- Born: October 7, 1943 Worcester, MA
- Died: December 16, 2021 (aged 78) Desert Hot Springs, CA
- Education: Massachusetts College of Art, Boston, BFA; University of Illinois, Champagne-Urbana, MFA
- Known for: Photography, Painting, Sculpture, Printmaking
- Movement: Conceptualism
- Awards: National Endowment for the Arts grants (1973, 1974, 1983) Guggenheim Memorial Fellowship, (1980-81)
- Website: https://robertcummingartist.com

= Robert Cumming (artist) =

American artist (1943–2021)

Robert Hugh Cumming (October 7, 1943 – December 16, 2021) was an American painter, sculptor, photographer, and printmaker best known for his photographs of conceptual drawings and constructions, which layer meanings within meanings, and reference both science and art history.

==Early life==
Cumming grew up just outside of Boston, MA. He earned a BFA in 1965 from Massachusetts College of Art in Boston and an MFA in 1967 at the University of Illinois at Urbana-Champaign.

==Career==

Untitled watercolor on paper by Robert H. Cumming, 1986

His first teaching position was at the University of Wisconsin–Milwaukee, where he was involved with mail art, an early conceptual art movement that conferred art status on items sent through the postal system. In 1970, Cumming moved to southern California to lecture on photography, and in 1974, he started teaching at the University of California, Los Angeles.

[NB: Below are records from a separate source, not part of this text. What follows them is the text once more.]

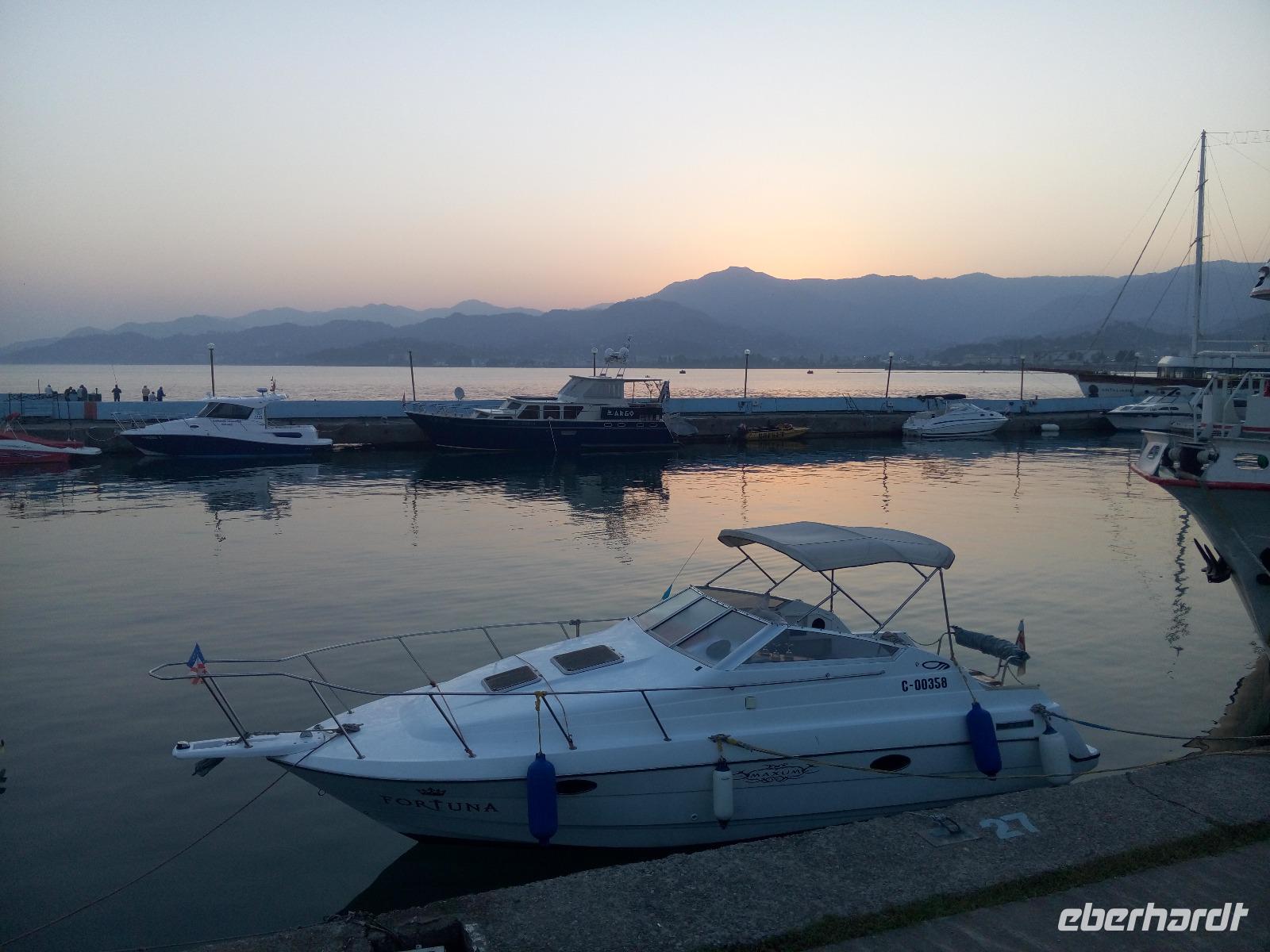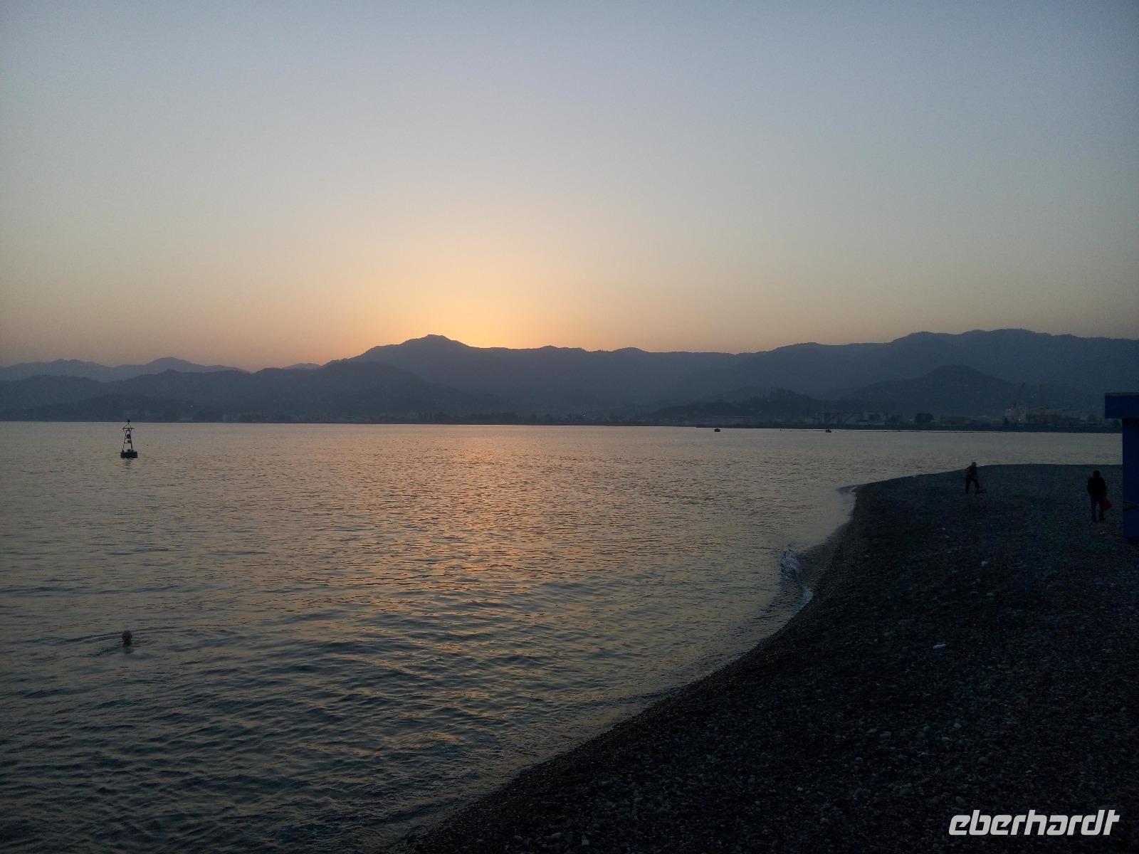 Am nächsten Tag früh haben wir uns verabredet, vor dem Frühstück zu baden. Das Hotel ist ganz in der Nähe vom Strand und von der Strandpromenade. Es war ein herrlicher Morgen. Eigentlich wollten wir mehr Personen sein, aber man muss bedenken, dass die Zeit in Georgien 2 Stunden früher ist. Das war schon eine Heldentat, um 7 Uhr aufzustehen, da es in Deutschland 5 Uhr früh ist.
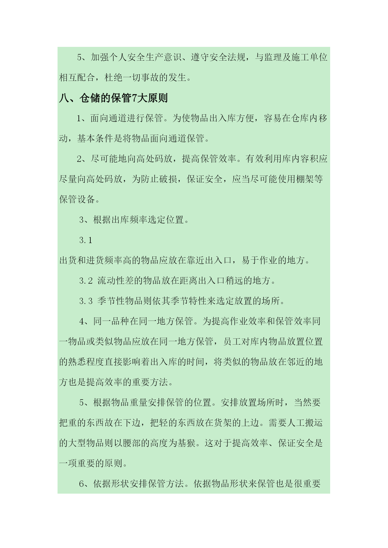 物流园区管理制度日常工作制度1、按规定的时间上下班,不缺席、不迟到、不早退。并根据工作需要加班加点确保工程质量和进度。2、准因病、有事不能上班或上班后外出办事必须请假。批准权限为:半天以内的由各组负责人批,一天以上的由筹建办主任批准。3、服从组长指挥调度和筹建办领导的工作安排,不得找任何理由和借口。4、忠于职守,勤奋工作,提高效率,保质保量按时完成职责范围内的工作和领导交办的各项任务。各组尤其是基建组要把每天的工作情况以日志形式记录下来。5、紧密团结、搞好配合,工作上认真负责,及时沟通。6、讲文明,懂礼貌,树立良好的个人形象。7、认真做好安全及清洁卫生工作,确保安全无事故,保持室内外整齐、清洁、卫生。8、认真学习、掌握知识,适应工地建设的需要。管理好公共财物,确保集体资产不受损失。10、不准在施工现场进行娱乐活动,一经发现,给予当事人相应的行政和经济处罚。二、职责分工与内部协调制度1、明确职责分工。宿迁粮食物流中心筹建办公室下设三个组,即综合及设备组、基建组和财务组。综合及设备组负责粮食物流中心总体规划,技术统揽把关、审查、指导,省市相关部门各种手续报批和关系协调,材料设备采购招投标、收支存管理及与土建水电工程的技术衔接;基建组负责工地现场全面管理,包括质量技术把关,与设计、监理、质量检测与监督、施工单位关系协调及管理,与宿城区相关部门沟通和协调等;财务组负责资金概算,资金筹集与管理,与财政、农发行等部门协调衔接。2、按职责分工各负其责。各组职责范围内工作由组长统一安排、处理并承担责任。对自身难以处理的问题,必须以书面形式报筹建办主任协调和处理。筹建办主任难以处理的,再报党组研究解决。如自身难以处理、又未及时报告所造成的任何责任和后果均由各组组长负责。3、加强协调配合。各组之间联系工作和要求对方配合的工作一律以联系单方式,由组长签字后送相关组,相关组组长必须签收并对联系单中要求办理或配合的工作给予积极、迅速办理。凡因推诿拖拉或处置不力影响整个工作的进展、质量以及造成严重后果的,将追究当事人和组长的责任直至纪律处分。三、财务管理制度为了加强粮食物流中心建设期间财务的管理,保障建设资金的筹集和使用合法有效,根据会计法和相关规定,结合基建工作实际,制定本制度。1、基建工程必须按基本建设程序办事。建设工程及大宗设备采购实行招投标制度。2、所有工程资金支出均应经党组研究决定,党组研究决定后由分管领导核批。3、筹建经费管理。3.1筹建办所需办公用品由各组根据需要,排出计划,经分管领导同意后购置。3.2差旅费按照现行财务制度规定执行,返回后三天内结清帐目。3.3业务招待费由筹建办主任统一扎口管理。各组因公确须公务招待的,必须先请示后办理手续。考虑到三个组情况不同,综合及设备组、财务组公务接待在请示同意后到筹建办主任处办理公务接待审批单。基建组公务接待先电话请示筹建办主任,由筹建办主任明确接待档次和标准后记录到工作日志中,并自行填制公务接待审批单,然后不定期报筹建办主任审核并补办批准手续。3.4其他费用开支必须经筹建办主任同意后方可实施。4、工程进度款和设备材料款均采用非现金结算。四、器料设备采购制度1、采购人员要时时处处以国家、集体利益为重,遵纪守法,廉洁奉公。2、器材设备采购要根据工程进度,提前拿出采购清单。3、备招投标工作小组,由筹建办主任任组长,筹建办相关人员为组员。4、器材设备采购要按规定的工作流程组织实施。5、器材设备到货后,要按合同及清单认真组织验收。检查产品的厂家、品牌、规格、型号、标准、合格证、质保证、准用证、使用说明书等是否符合要求。符合要求的方可入库。不符合要求的,坚决拒收。6、器材设备采购活动中如涉及供应商的任何“折扣”、“让利”等,均应在实际采购合同中以“让利”形式体现。7、深入施工现场,及时、准确、全方位做好预埋件预留孔洞的施工及检查工作;了解掌握材料设备的使用、运转质量情况,发现问题及时、果断处理。8、器材设备管理人员要做好工程器材设备信息的收集管理工作,做好各项采购活动的记录,做好文件资料的归档工作。五、工地例会制度1、工地例会每周五下午定时召开,不另行通知;专题会议根据工作需要或任何一方动议,由总监理工程师通知随时召开。2、工地例会及专题会议均由总监理工程师主持。参加人员为建设单位代表及现场管理人员,全体监理人员,施工方项目经理和以及根据会议内容需要参加的技术、质量、安全、材料负责人。3、每次例会均需形成会议纪要。会议纪要由监理单位负责记录与整理。由监理工程师签发,分送各与会单位。4、每周例会的主要内容:4.1施工单位负责人汇报本周工程在进度、质量、安全以及其他相关方面情况,施工过程中存在的问题及解决问题的措施和建议。4.2项
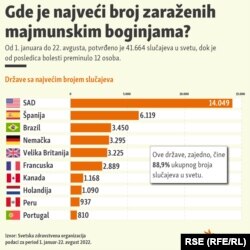 Zaključno sa 22. avgustom u svetu je zabeleženo 41.664 slučajeva majmunskih boginja, a 12 osoba je preminulo.
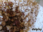 Отсыпьте один стакан овсяно-ореховой смеси и отложите на время, а остальное высыпьте в подготовленную форму, разровняйте и утрамбуйте. Выпекайте 15 - 20 минут.
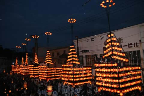 日本3大ちょうちん祭りの一つです。 350年の伝統がある例大祭 4日の夜の7町合同引き廻しがメインです
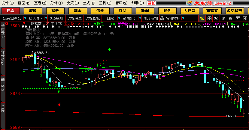 (1)超赢下降趋势线:绿色线形,分为实线和虚线。如下降趋势线被突破,则为实线,行情将会进行反转。
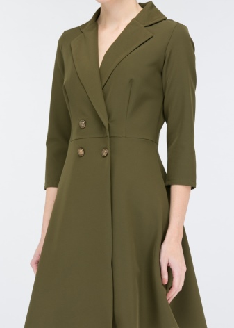 Bold fashionistas may well dress up in an evening khaki dress that will emphasize their bright personality and self-confidence. The military style itself is designed for confident ladies with a solid character.
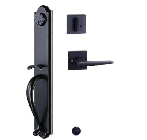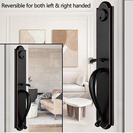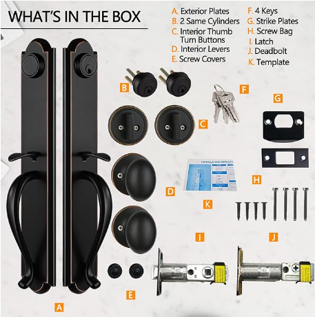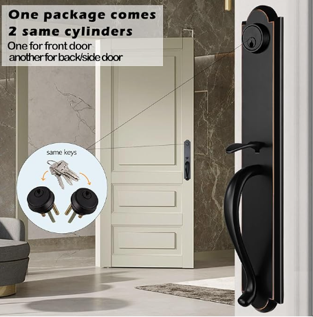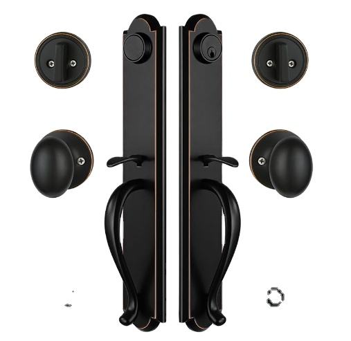 Juego de manija de puerta doble delantera para puerta delantera exterior Acabado en bronce envejecido Manija de entrada con llave y juego de manija ficticia
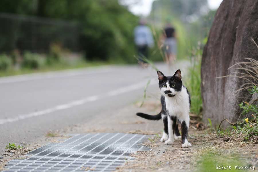 古墳の公園。古代住居エリアに向かう途中、ヒゲのぶちちゃんに会う。
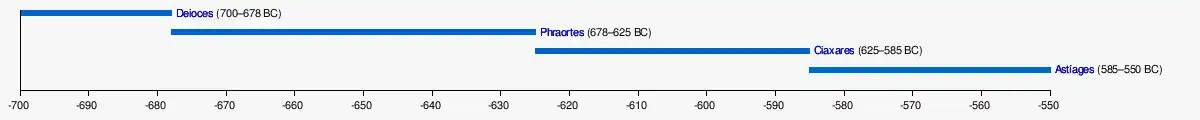Using the chronology proposed by Herodotus, a putative timeline of the reign of Median kings can be constructed. (Note that Scythian rule has no specified dates in this chronology.)
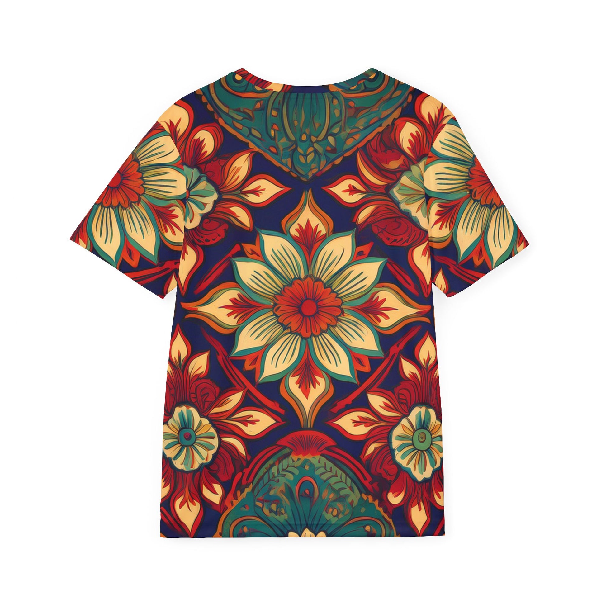 Unisex Ornament Shirt, Shirt with Ornament – Made from 100% moisture-wicking performance polyester, this extra-light fabric (4.13 oz/yd²) ensures breathability and comfort. Designed for active lifestyles, its stretchy, durable material provides both style and performance. Featuring a unique all-over print, this nature-inspired jersey offers a bold, timeless look. This Poly Tee combines fashion and function, making it the perfect choice for any adventure or workout.
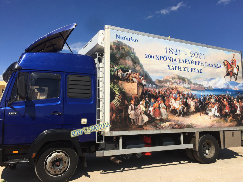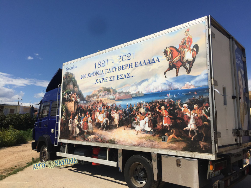Εντυπωσίασε ο πρόεδρος της κοινότητας Δρεπάνου Ναυπλίου, Σωκράτης Δωρής με την πρωτοβουλία του να ντύσει το φορτηγό του με τους ήρωες του ’21 για να γιορτάσει τα 200 χρόνια.
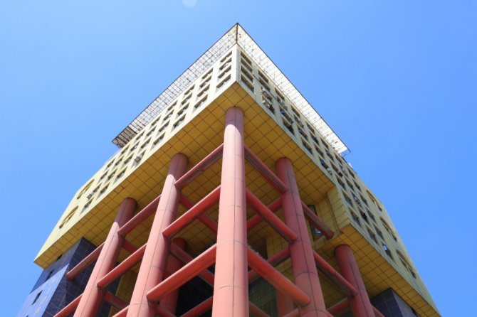 Arama motoru Google'da "dünyanın en saçma binası" olarak gösterilen sarı, mavi ve kırmızı renkli binaya ilk kazma Kurban Bayramı'nda vurulacak.
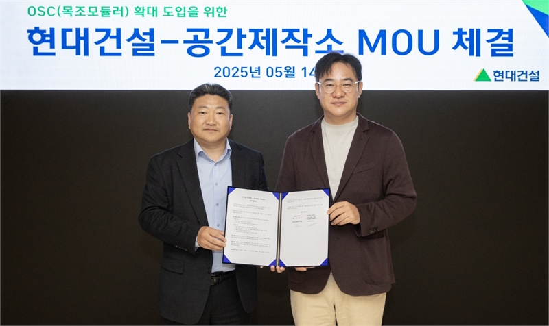 현대건설은 공간제작소와 ‘목조 모듈러 기반 OSC 기술 확대 도입’을 위한 업무협약을 체결했다고 15일 밝혔다.
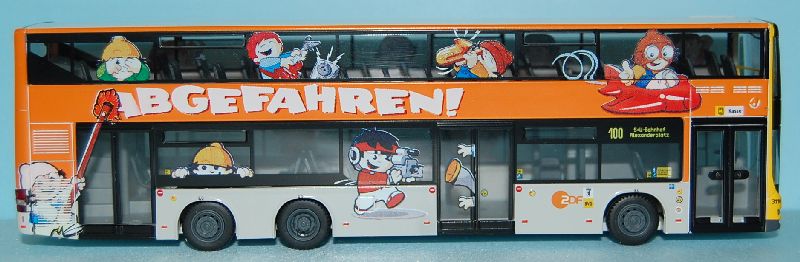 Betrieb: BVB Berlin NEOMANN A39 DD, mit Mainzer Werbung “Abgefahren ZDF” Hersteller: Rietze 54142
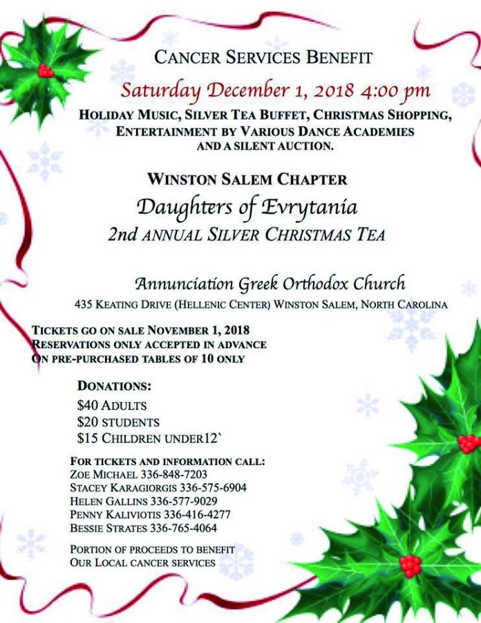 Άλλη μια εκδήλωση φιλανθρωπικού χαρακτήρα θα διοργανώσουν το Σάββατο 1 Δεκεμβρίου 2018, οι ‘Θυγατέρες της Ευρυτανίας’ στην Βόρεια Καρολίνα των ΗΠΑ. Η εκδήλωση θα περιλαμβάνει μουσική και bazaar με χριστουγεννιάτικα δώρα και τα έσοδα όπως πάντα θα διατεθούν για φιλανθρωπικό σκοπό. Η ένωση των γυναικών απόδημων Ευρυτανισσών, που ιδρύθηκε το 1944 και είναι παράρτημα της Ένωσης Ευρυτάνων ‘Βελούχι’, έχει σαν πρωταρχικό της μέλημα την ενίσχυση ανθρώπων που το έχουν ανάγκη. Η φετινή εκδήλωση λίγο πριν τα Χριστούγεννα θα είναι αφιερωμένη στην υποστήριξη ατόμων που πάσχουν από καρκίνο και θα διατεθούν σε άτομα της ομογένειας και σε Ευρυτάνες.
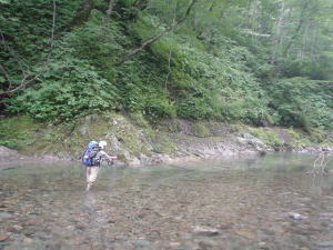 しかしそのあとの林道は歩きやすく、3時間半ほどで入渓点にたどり着きました。
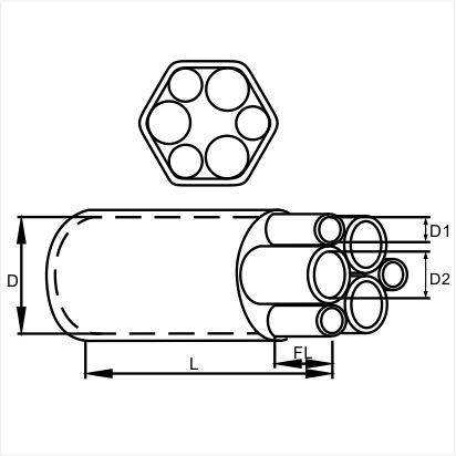 Made of cross linked polyolefin to provide mechanical protection and strain relief. Inner coated with adhesive on the body and the fingers to form a durable watertight seal. To provide sealing protection over 6-core cable crutch, such as trailing cable, variable frequency drive cable, telecommunication cables, control cable, etc. Shrink temperature: start at 90℃,and fully recovered at 130℃.
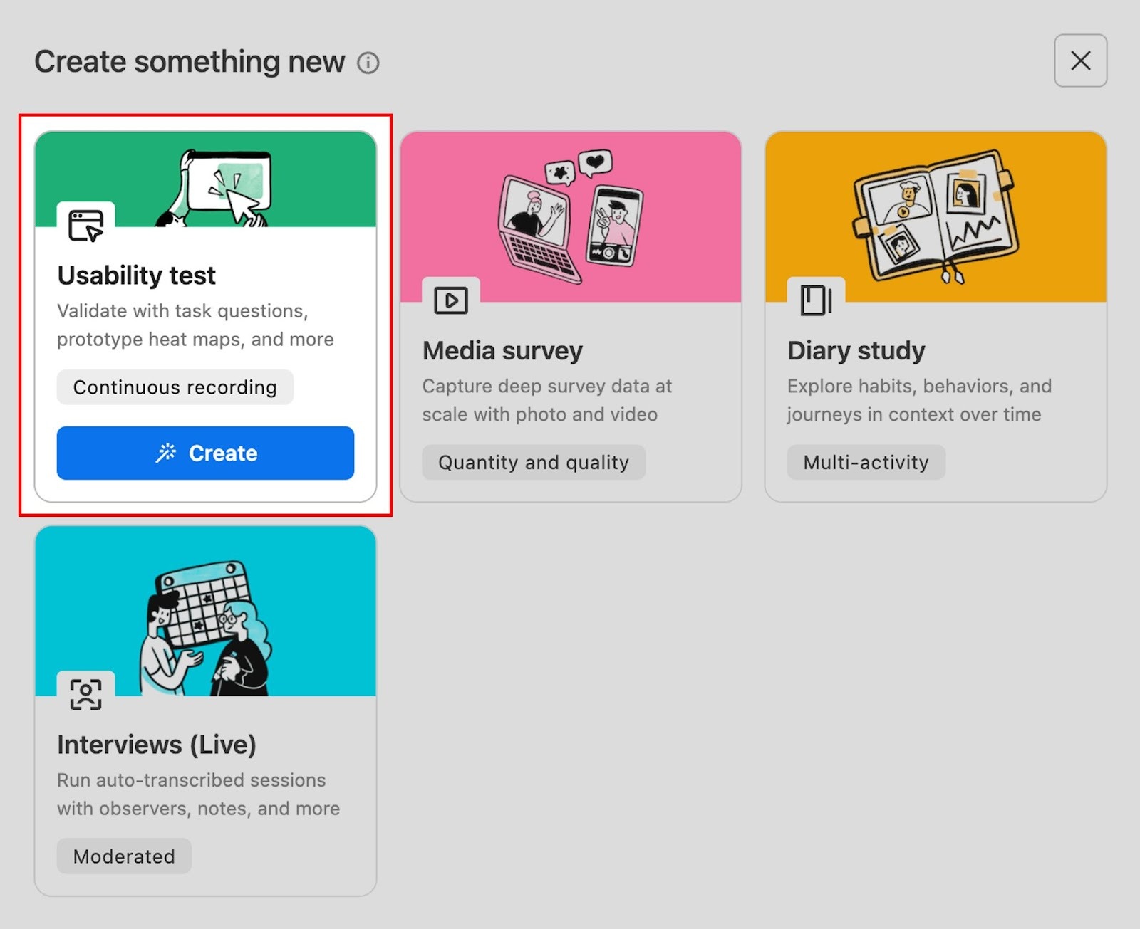If you want to create a new usability test from scratch—or if you’re building one for the first time—you’ll do so from within your Dscout project.
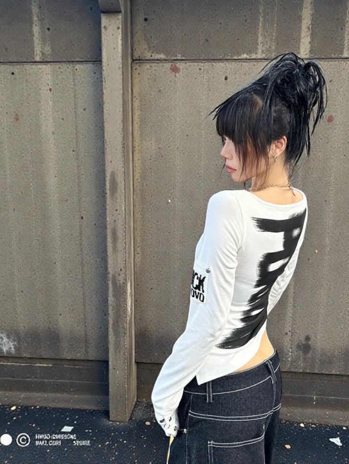 This slim-fit long sleeve tee blends American retro influence with a sharp Japanese-inspired grunge edge made for e-girl and festival styling. The asymmetrical neckline and button detailing add a worn, rebellious feel while keeping the silhouette clean and fitted. Crafted from a soft cotton–spandex blend with slight stretch, it’s comfortable for autumn layering and pairs easily with low-rise denim, mini skirts, or heavy accessories for a raw grunge look.

In 1978, Cumming moved back to New England, where he continued to teach and make art.

== Work and themes ==

=== Photography ===
Cumming studied photography in graduate school, studying with Art Sinsabaugh. In the beginning he used photography as a means of documenting sculptural works, but eventually “the works became as much about photographic documentation as about the objects.”

== Exhibitions ==

=== Solo exhibitions ===

- Robert Cumming: The Secret Life of Objects, the George Eastman Museum and the California Museum of Photography, UC Riverside, 2019–2020.

=== Group exhibitions ===

- Mirrors and Windows: American Photography since 1960, Museum of Modern Art, NY, July 26 - October 2, 1978.
- Art by Telephone, Museum of Contemporary Art, Chicago, IL, November 1 - December 14, 1969.
- 9 Artists/9 Urban Spaces, Walker Art Center, Minneapolis, MN, September 1 - October 5, 1970.
- Minor White, Robert Heinecken, Robert Cumming: Photograph as Metaphor, Photograph as Object, Photograph as Document of Concept, California State University, Long Beach, October 8 - November 12, 1973.
- Picture Puzzles, Museum of Modern Art, New York, NY, August 12 - November 16, 1975.
- Whitney Biennial 1977: Contemporary American Art, February 19-April 3, 1977.

== Collections ==

===Institutional representation===
Cumming is represented in the permanent collections of various major art museums, including:
- The Milwaukee Art Museum
- The Museum of Modern Art, New York
- The Baltimore Museum of Art
- The Art Institute of Chicago
- The Dallas Museum of Art
- The Museum of Fine Arts, Houston
- The Denver Art Museum
- The George Eastman Museum, Rochester
- The Minneapolis Institute of Arts
- The Whitney Museum of American Art, New York
- The Walker Art Center, Minneapolis
- The San Francisco Museum of Modern Art
- The J. Paul Getty Museum, Los Angeles
- The Los Angeles County Museum of Art
- Honolulu Museum of Art Spalding House (formerly The Contemporary Museum, Honolulu).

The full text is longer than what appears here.